230 people killed in November protests: MP

June 2, 2020 - 2:26

TEHRAN — Top MP Mojtaba Zonnour has said 230 people were killed during the protests in November 2019.

“In these incidents, 230 people were killed, while 6 of them were official and security forces,” Zonnour said on Monday. IRNA reported.

“20 percent of those who were killed were in the scene as active forces in favor of order and security,” he said. “7 percent were killed in face-to-face clashes with security forces. 16 percent were killed as a result of attacking security and military centers.”

He continued, “31 percent were killed due to attacking public centers. 26 percent were not agitators but lost their lives in an unknown way. 22 percent had criminal records.”

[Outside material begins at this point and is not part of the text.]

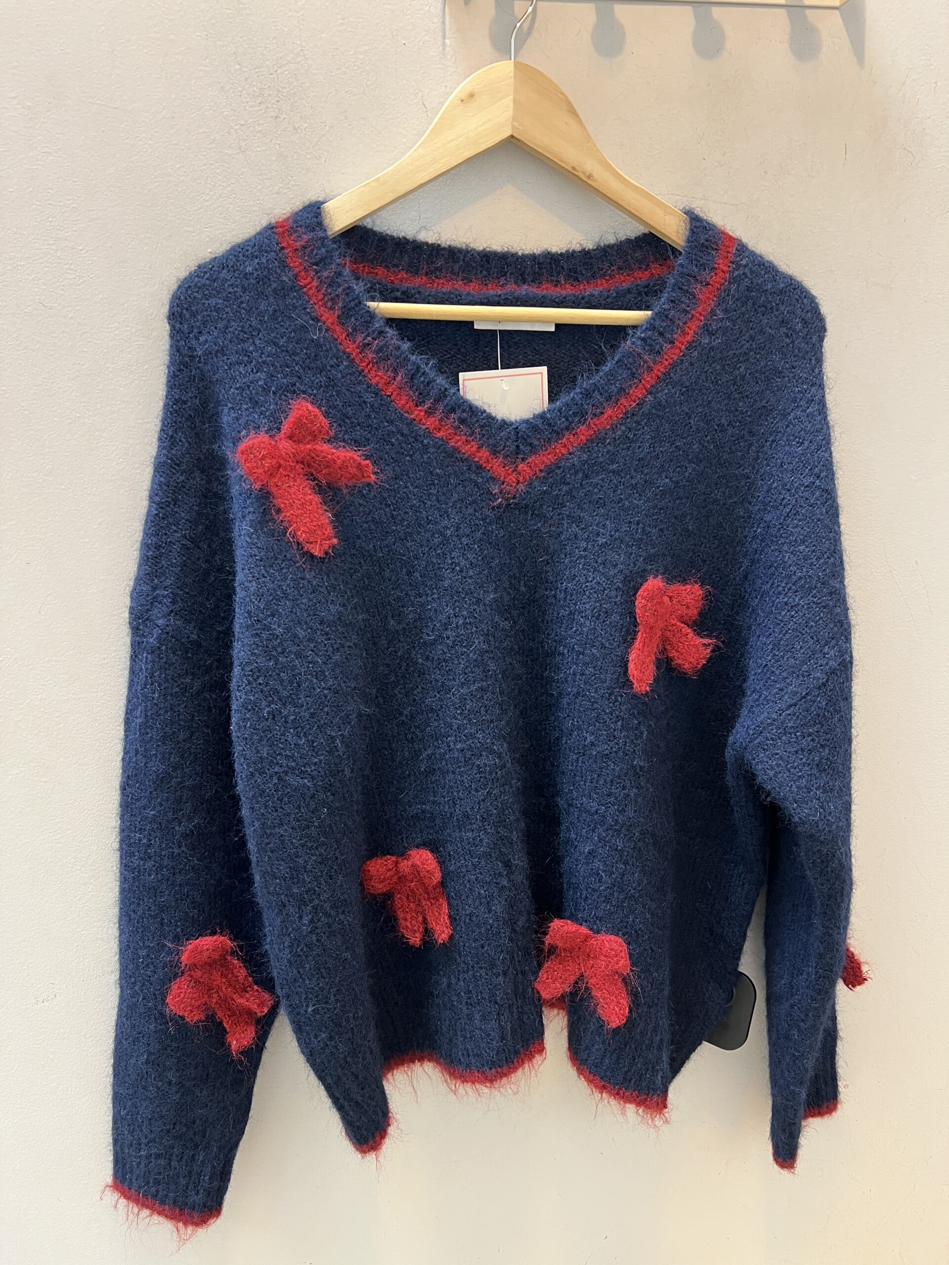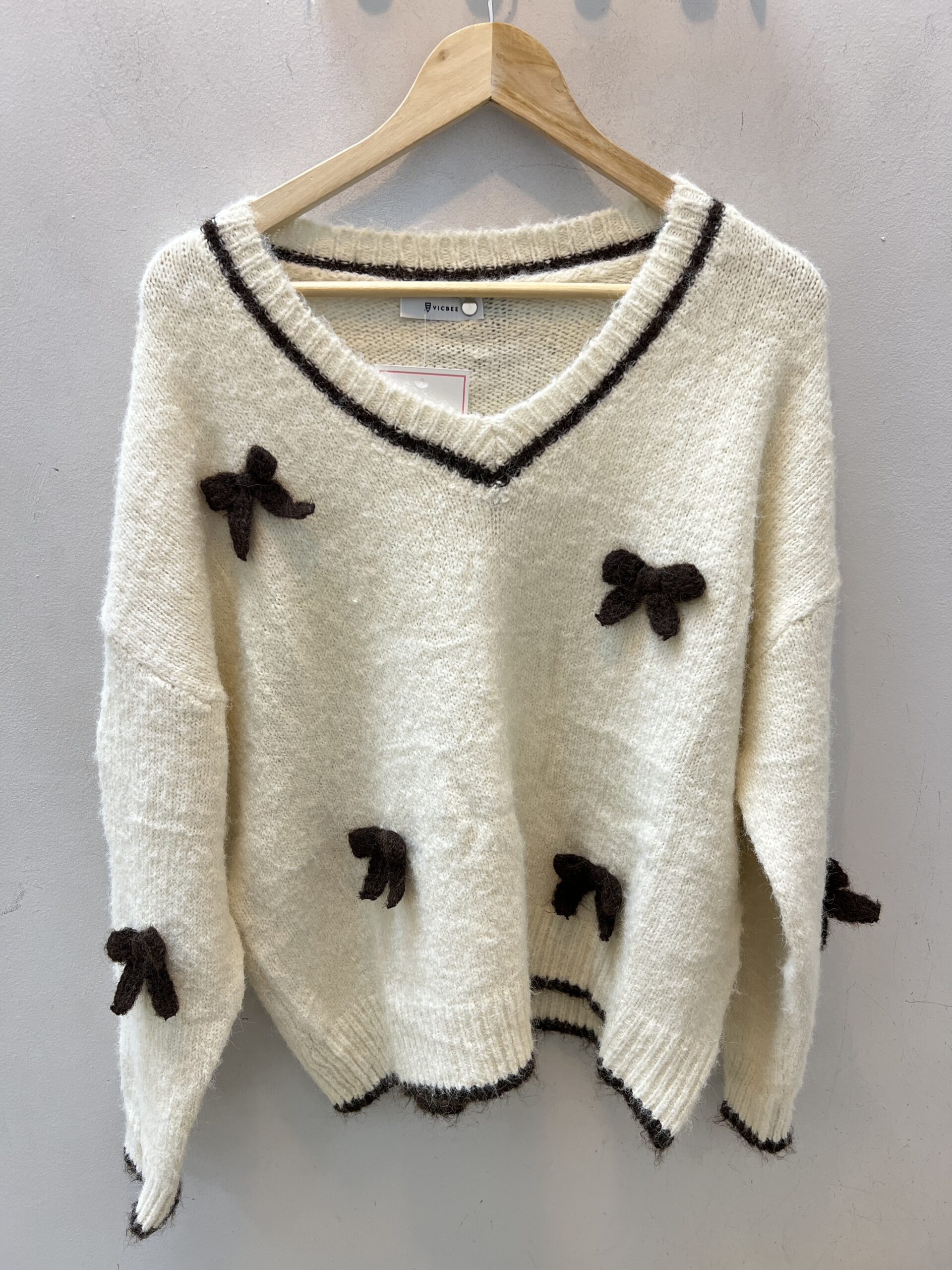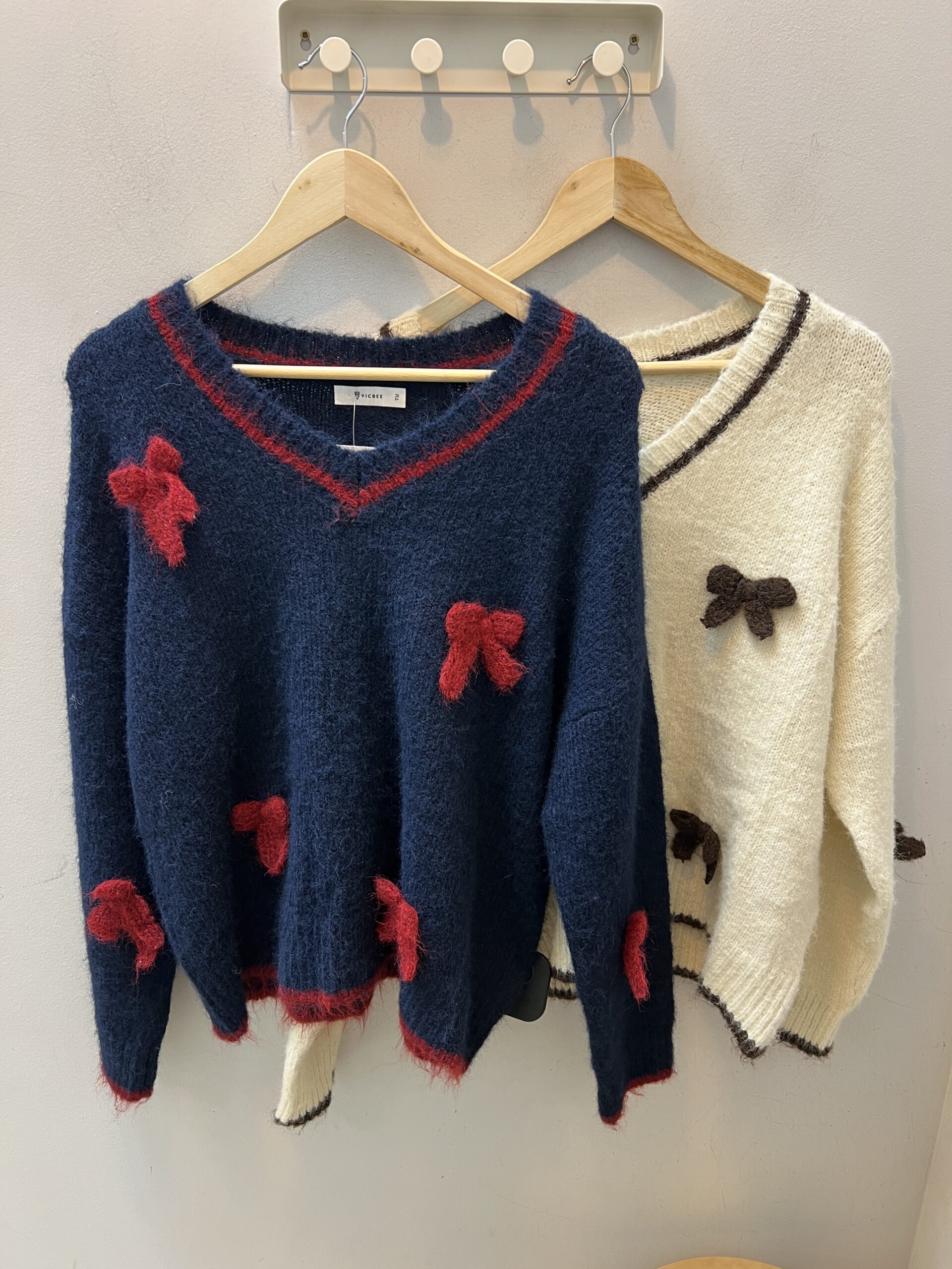 El JERSEY LACITOS presenta un favorecedor cuello en pico, realzado por un ribete que contrasta sutilmente con el color principal del tejido. Lo más destacable son los pequeños lazos tridimensionales, distribuidos armoniosamente por toda la prenda y en las mangas, que le confieren su nombre y un aire femenino y coqueto. Está disponible en dos combinaciones de color cautivadoras: un elegante azul marino con ribetes y lazos rojos, y un versátil tono crema con ribetes y lazos en marrón oscuro.
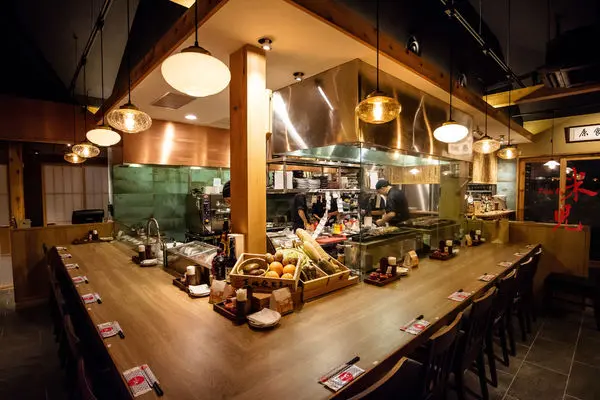 屋內最搶眼的就是這座吧台,吧台位置才能享受到船槳送菜的服務。

It came immediately after Interior Minister Abdolreza Rahmani-Fazli suggested that nearly 200 to 225 people had been killed during the November protests.

In remarks on national television on Saturday night, Rahmani-Fazli said the death toll will be announced in the coming days, but explained that “some 40 or 45 people, meaning about 20 percent of the death toll, were people who were killed by non-governmental weapons.”

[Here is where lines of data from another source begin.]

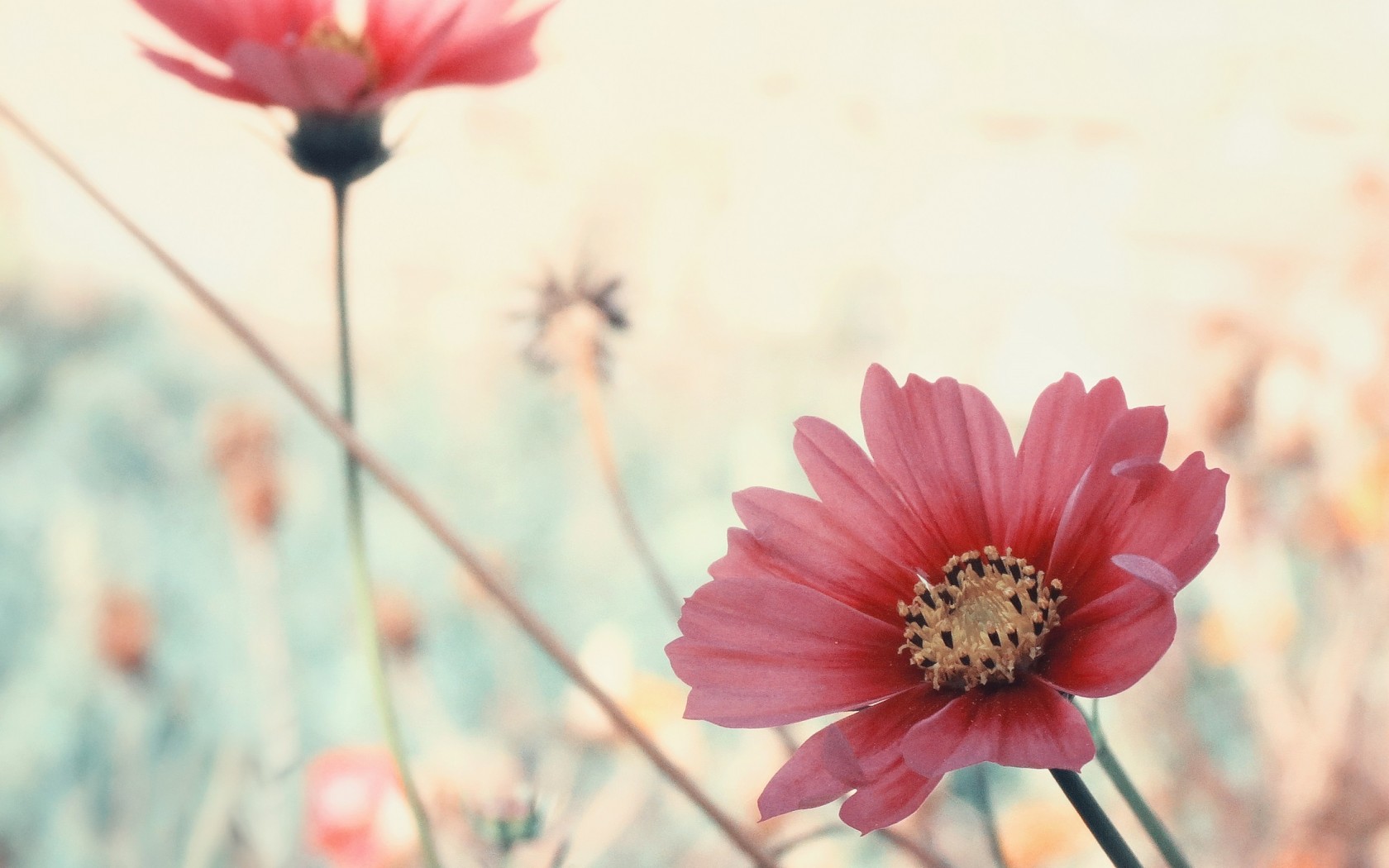 Description: Two pink flowers with a blurry background of grass and flowers in the foreground.
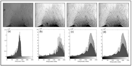 Examples of image pre-processing with algorithms implemented in PIVlab software and its histograms. (a) Original image without any pre-processing. (b) Image with only intensity capping filter. (c) Image with only CLAHE filter. (d) Image with intensity capping and CLAHE filters.
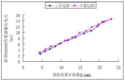 新型MEMS傳感器的標(biāo)定是通過渦輪流量計(jì)來實(shí)現(xiàn)的。采用串聯(lián)在系統(tǒng)中的CLG15耐高壓渦輪流量計(jì)(名義精度為0.5%)和SO64C-1型流量測試儀進(jìn)行標(biāo)定。

Protests erupted in Iran on November 15 after the government announced an increase in the price of gasoline, a subsidized commodity that is still cheaper in Iran than other countries in the world.

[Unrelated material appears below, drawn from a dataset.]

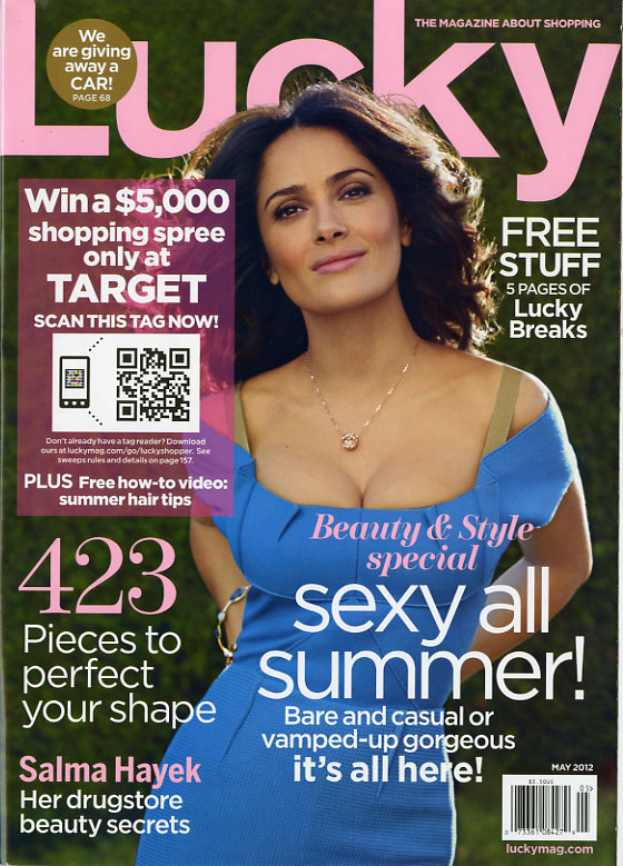 Two different newsstand covers. Salma Hayek graces both covers, but one issue offers a tag the consumer can scan at Target to win a $5000 shopping spree. The other offers one different cover line. Everything else is the same.
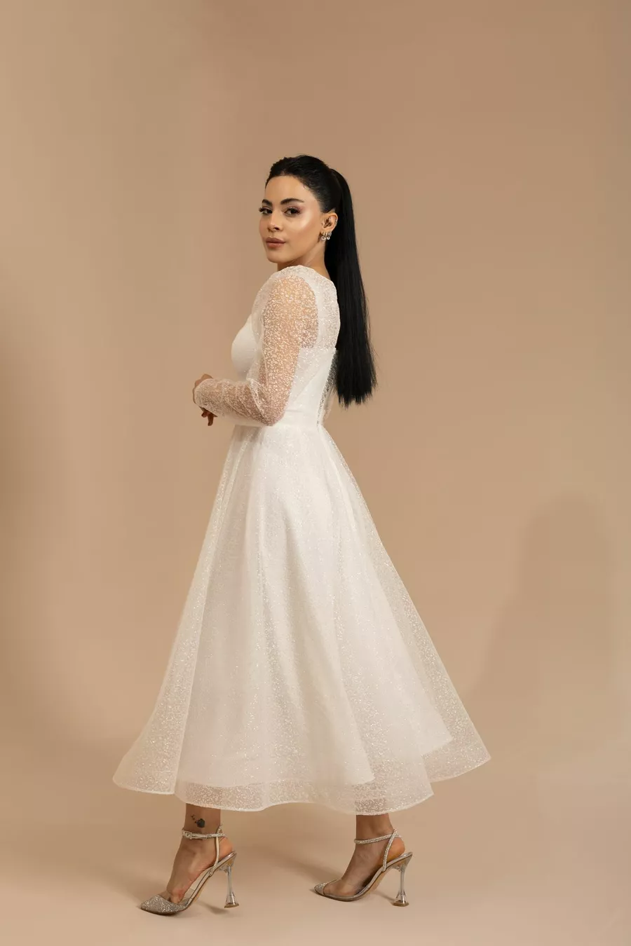 Questo prodotto verrà spedito da Quenmadam. Più di 10 azioni sono offerte per essere vendute al prezzo della campagna. Il venditore determina il prezzo di vendita del prodotto che hai esaminato. Un prodotto può essere venduto da più di un venditore. I venditori dei prodotti offerti in vendita da più di un venditore sono classificati in base al prezzo che hanno impostato per il prodotto, le valutazioni del venditore, lo stato della consegna, le promozioni dei prodotti, se la spedizione è gratuita o meno, e se i prodotti possono essere consegnati con consegna rapida, lo stock e le categorie dei prodotti. È possibile ordinare un massimo di 5 unità di questo prodotto. Queenmadam si riserva il diritto di annullare ordini superiori a 5 ordini. Questo limite non è valido per gli ordini aziendali ed è possibile impostare limiti diversi per gli ordini aziendali. Reso gratuito entro 15 giorni. Clicca qui per maggiori informazioni. Nota importante: A causa delle caratteristiche del tessuto utilizzate nel prodotto, potrebbero verificarsi fuoriuscite di glitter nel prodotto. Questo non è un difetto, ma una struttura caratteristica del tessuto. Cecilia: Affascinante abito midi in tulle sfumato Cecilia è un abito midi dal taglio a trapezio che combina eleganza e design moderno. Aggiunge un'atmosfera romantica ai tuoi momenti speciali con le sue opzioni di colore bianco, bordeaux, rosso, verde smeraldo e blu navy. Il materiale in tulle sfumato offre profondità ed eleganza in ogni strato dell'abito, rendendoti impressionante. Il design con scollo a cuore crea un tocco femminile e romantico, mentre la chiusura con lacci assicura che l'abito si adatti perfettamente al corpo. La lunghezza midi permette di muoversi comodamente e non scende a compromessi sulla sua eleganza. Cecilia è l'opzione perfetta che ti renderà speciale per il tuo matrimonio o eventi di fidanzamento. Se sei alla ricerca di eleganza e romanticismo per le tue occasioni speciali, Cecilia è l'abito che stai cercando.

During the protests, public and private properties were damaged and banks, gas stations, and state buildings were put on fire.

In a report in December, Reuters claimed that about 1,500 people were killed during less than two weeks of unrest across Iran.

“The toll, provided to Reuters by three Iranian Interior Ministry officials, included at least 17 teenagers and about 400 women as well as some members of the security forces and police,” the London-based news outlet claimed.

An official at Iran’s Supreme National Security Council (SNSC) denied Reuters’ claim at the time.

Alireza Zarifian Yeganeh, head of the SNSC Information and Communications Secretariat, said such claims were part of the anti-Iran disinformation campaign.

“Such news producing and leveling accusations is basically very easy,” he said, describing the act as a psychological operation against the Islamic Republic.